McSally, que foi a primeira mulher piloto a voar em combate para a Força Aérea, soube da história de Harmon no noticiário este ano e imediatamente decidiu defender a causa. Com outra veterana, a senadora republicana Joni Ernst, de Iowa, ela promoveu uma lei que estabelece a elegibilidade dos restos mortais de Harmon e de outras como ela a ser enterrados no cemitério.
"Essas mulheres estavam recebendo um último tapa na cara", disse McSally. "Eu disse: 'De jeito nenhum!'"
A medida foi aprovada pela Câmara e pelo Senado por unanimidade. O presidente Barack Obama assinou a lei em maio passado.
Na quarta-feira, sob um céu quase sem nuvens, os restos de Harmon, que haviam estado em uma caixa preta numa prateleira no armário de sua filha há um ano e meio, finalmente puderam repousar em Arlington, em um nicho comum.
Um grupo de mulheres que voaram com Harmon, e muitas outras que vieram depois dela, viajaram por todo o país para testemunhar e, em alguns casos, dar depoimentos sobre o caminho que ela ajudou a abrir.
"Finalmente terminamos a última luta. Tivemos de lutar o tempo todo. Não pensei que teríamos de lutar para ser enterradas", disse Florence Reynolds, membro da unidade e amiga de Harmon, conhecida como Shutsy. "Eu quis vir aqui para garantir que eles não iam estragar tudo."
Afinal, não estragaram. Harmon, com seus restos presentes em uma caixa de madeira esculpida, foi homenageada com três salvas de tiros, guarda de honra e toque de caixas.
Pelas contas de Katherine Landdeck, uma historiadora da Universidade Feminina do Texas que está escrevendo a história das WASPs, menos de cem membros da unidade continuam vivas. Só algumas manifestaram interesse por funerais em Arlington, e assim, acrescentou ela, o serviço fúnebre de Harmon foi uma espécie de substituto para toda uma unidade que é geralmente desconhecida fora da família e das mulheres que lutaram.
Foi um papel adequado para Harmon, que ajudou a manter o grupo unido quando voltaram à vida civil em 1944. A própria Harmon mudou-se para Oakland, na Califórnia, e trabalhou como controladora de tráfego aéreo enquanto esperava que seu marido voltasse do Pacífico. No fim da guerra, o jovem casal se reuniu nos crescentes subúrbios de Washington em Maryland para criar uma família.
Harmon ficou viúva em 1965 e criou quatro filhos sozinha, tornando-se mais tarde avaliadora de imóveis.

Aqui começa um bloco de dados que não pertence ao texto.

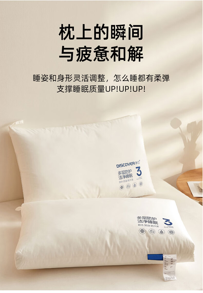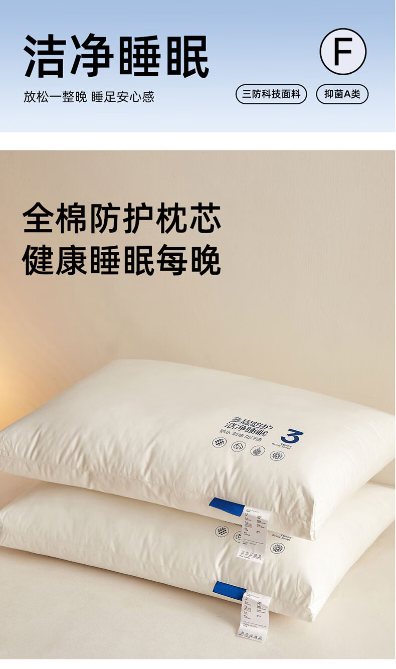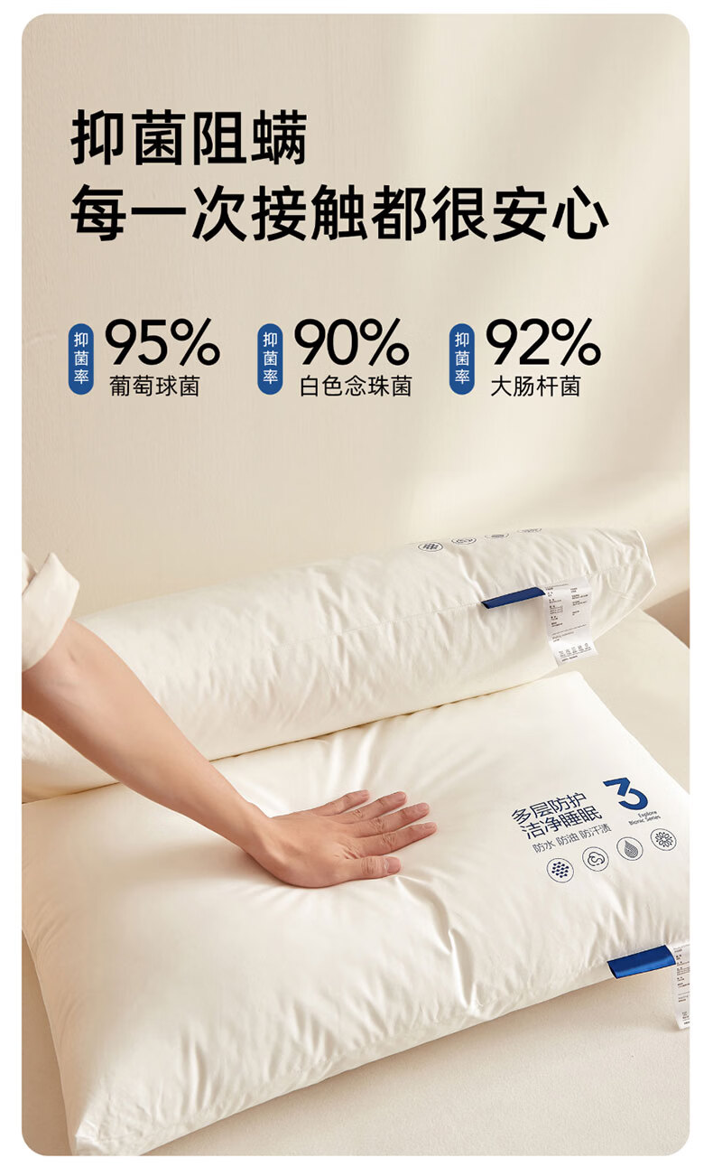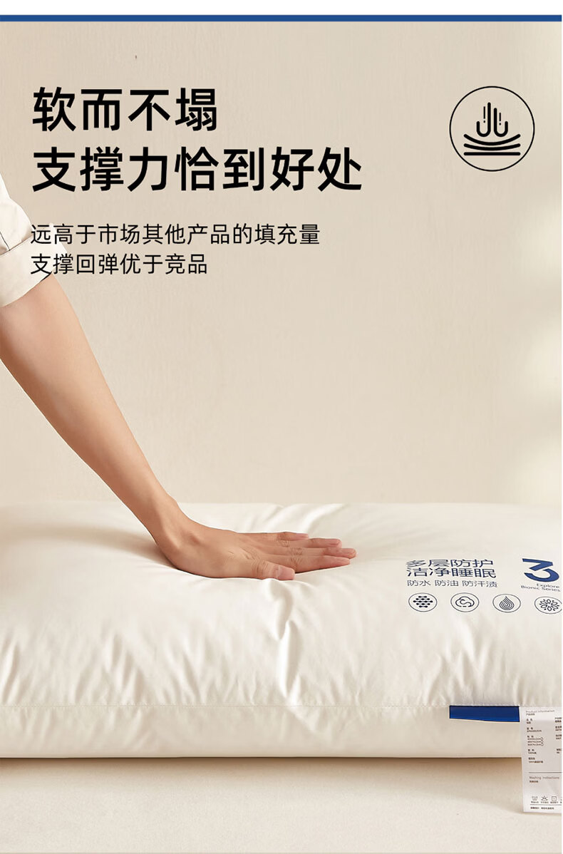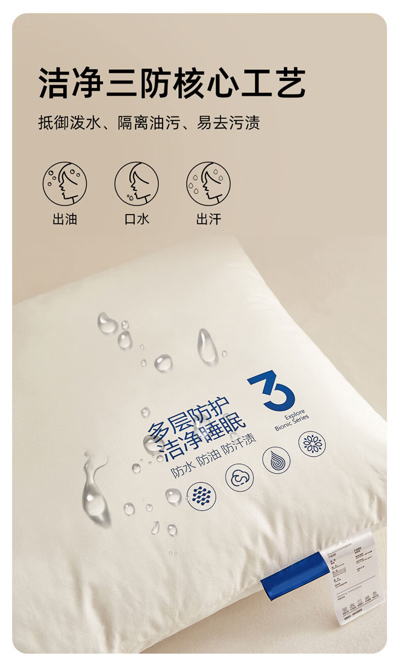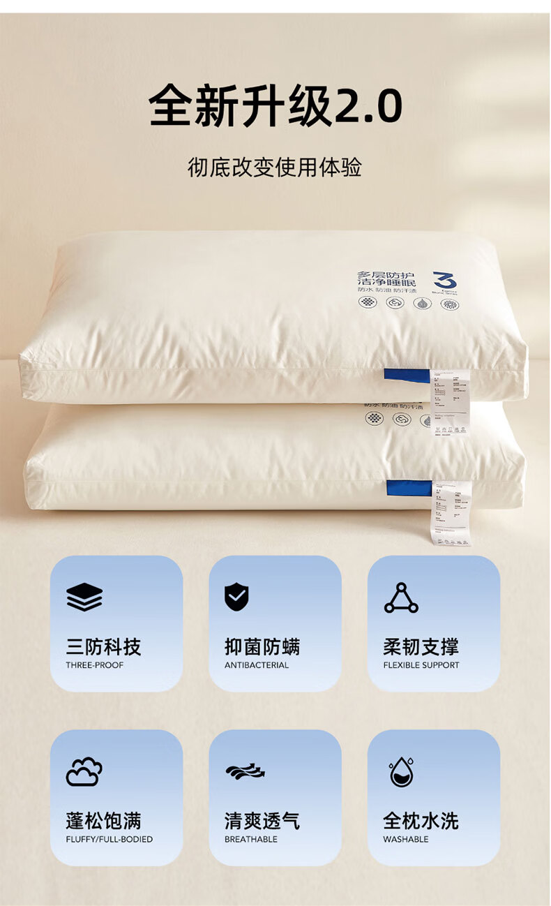 全新升级2.0,彻底改变使用体验,三防科技;蓬松饱满,抑菌防螨,清爽透气,柔韧支撑;全枕水洗,安全标准每一晚的休憩都安心

Como outras WASPs, ela manteve um sentido de patriotismo, mas os detalhes de seu serviço sempre foram suprimidos.
"Depois da guerra, todas se dispersaram pelo país e não falavam necessariamente entre si", disse Erin Miller, uma das netas de Harmon, que estudou a história da unidade. "Disseram-lhes para não divulgar o que haviam feito, e elas foram para casa cuidar de suas famílias."
Na década de 1970, quando as mulheres começaram a se reconectar para lutar por benefícios de aposentadoria militar e pelo reconhecimento de seu serviço, Harmon tornou-se sua secretária informal. Ela localizou as outras WASPs pelo país e as recebeu quando foram a Washington fazer lobby.
Em uma espécie de terceiro ato, Harmon viajou pelos EUA promovendo a história da unidade. Ela visitou a Casa Branca, disse Miller, e se encontrou com cinco presidentes. Em 2009, Obama assinou uma lei que concedeu a toda a unidade a Medalha de Ouro do Congresso. Harmon estava lá.
No funeral, enquanto aviões sobrevoavam --aparelhos da Segunda Guerra pilotados por voluntários para a ocasião, e depois voos comerciais que decolavam do Aeroporto Nacional Reagan, nas proximidades--, a tenente-coronel Christine Blice-Baum, uma capelã, leu as Escrituras e depois um poema, "Voo Celestial", escrito por uma WASP, Elizabeth MacKethan Magid, em memória de outra: "Ela não está morta./ Vocês deviam saber/ Está só voando mais alto./ Mais alto do que jamais voou".